Open joranE opened 1 month ago
Oh, that's interesting! 👀 Notice that you can observe the same problem without using bundle at all, but instead xgboost::xgb.save.raw()
and xgboost::xgb.load.raw()
(which is how bundle stores xgboost models):
library(xgboost)
set.seed(1)
data(agaricus.train)
data(agaricus.test)
mod <- xgboost(
data = agaricus.train$data, label = agaricus.train$label,
max_depth = 2, eta = 1, nthread = 2, nrounds = 2,
objective = "binary:logistic"
)
#> [1] train-logloss:0.233376
#> [2] train-logloss:0.136658
object <- xgboost::xgb.save.raw(mod, raw_format = "ubj")

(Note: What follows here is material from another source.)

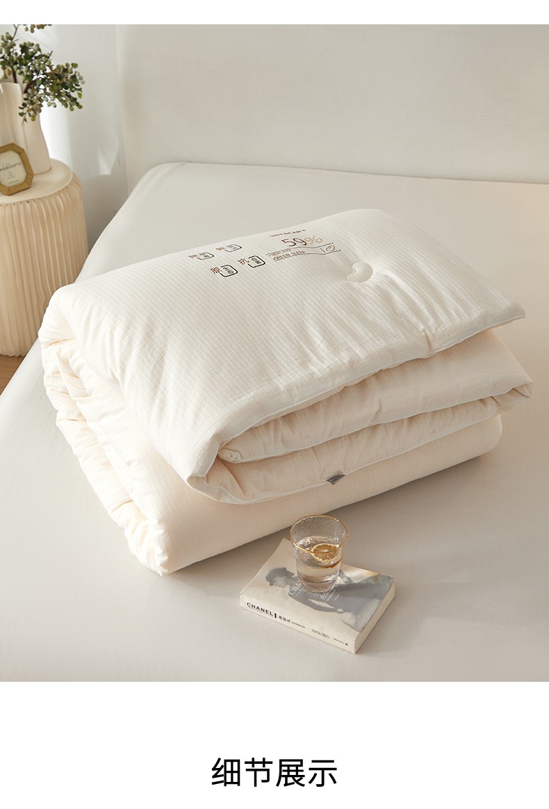(总)A+爱家 2025新款彩丝提花双宫桑蚕丝被芯桑蚕丝空调被,白色

res <- xgboost::xgb.load.raw(object, as_booster = TRUE)
xgboost::xgb.importance(model = res)
#> Feature Gain Cover Frequency
#> <char> <num> <num> <num>
#> 1: f28 0.67615470 0.4978746 0.4
#> 2: f55 0.17135376 0.1920543 0.2
#> 3: f59 0.12317236 0.1638750 0.2
#> 4: f108 0.02931918 0.1461960 0.2
Created on 2024-07-29 with reprex v2.1.0
I think the source of this problem is probably the same as https://github.com/dmlc/xgboost/issues/5018 (the feature names need to be stored into the booster for raw_format = "ubj"
), if you would like to share the problem you are running into there.
Thanks!
I'm aware of the extended discussion in #50 but I was still somewhat surprised that an xgboost model object after bundling & unbundling returns garbled variable names when trying to call
xgb.importance
. I understand that the primary purpose of bundling is to preserve the ability to make new predictions, but I wasn't expecting to lose functionality from non-tidymodels functions form the xgboost package itself.I understand why various tidymodels functionality wouldn't be preserved, but I would have expected that the object would be passable to functions in the xgboost package designed to work on an
xgb.Booster
object and get the same results.Is this also the intended behavior of bundling, in which case I should save the variable importance information prior to bundling if I require it?